E' una parola che, denominando - secondo le varie definizioni - “la femmina del maiale, del porco, del bestiame porcino, della bestia porcina”, ha finito per sprofondare nella volgarità. Ma non è questo aspetto che ci interessa. Scavando nella derivazione, ci s'imbatte in una curiosità sorprendente.

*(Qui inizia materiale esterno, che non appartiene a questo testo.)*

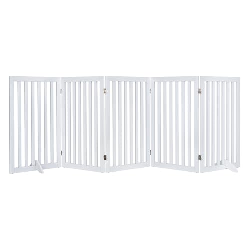 PawHut Barrière de sécurité pour Chien barrière de Protection à 4 Panneaux Pliante clôture pour Animal Domestique en Bois - dim. 280 x 44 x 70 cm Blanc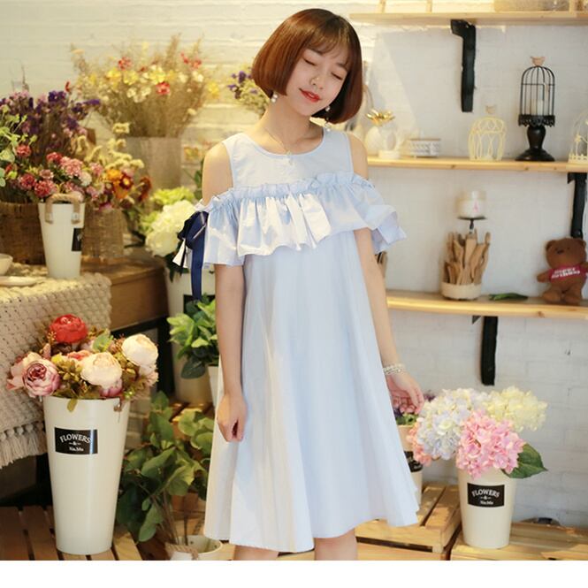 ワンピース マタニティ オフショルダー サイドリボン フリル ガーリー 大人 可愛い ゆったり 体型カバー RB-M06-0080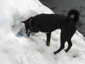 | 標高1200メートルの紀元杉付近で、雪の中に人を埋めて雪崩捜索訓練をした。倭賢、香里、大然の順に隠れて捜索させたが、いずれもすぐ雁に見付けられた。雪の中に完全に人が埋まっている場合には、雁はすぐに吠えずに、ある程度雪を掘って中に人がいることを確認した上で吠え始める。 |

I dizionari concordano in un'origine storico-gastronomica; per riferirla usiamo le parole del Rigutini-Fanfani: “I romani chiamavano porcus troianus un Cignale (cinghiale, ndr) arrostito intero e riempito di molti altri animaletti a somiglianza del Cavallo di Troia, pieno di armati. Quindi in volgare si fece ‘troia’ per la femmina del porco, pregna di porcellini”. Convergono su questa origine vari autori antichi e moderni. Il Pianigiani, che pur esprime qualche perplessità, spiega che il ripieno era “di polli, di uccelli”, e da qui il significato soprattutto di “scrofa gravida”. Per altri si trattava di cacciagione. Meno verosimile la tesi del Treccani: “voce espressiva che imita il grugnito del maiale”. Il Palazzi sfoggia un certo perbenismo: alla voce troia infatti rimanda semplicemente a scrofa (che spiega derivare “dal latino scrobis, la fossa dove i maiali razzolano col grifo”; il grifo è l’estremità mobile del muso suino).
Sotto il nome di troia, per lo Zanobetti “erano comprese le finte battaglie, le giostre a cavallo ed altri esercizi militari che facevano i giovani nobili romani”, e per lo stesso autore era anche “il nome di macchina antica di guerra”.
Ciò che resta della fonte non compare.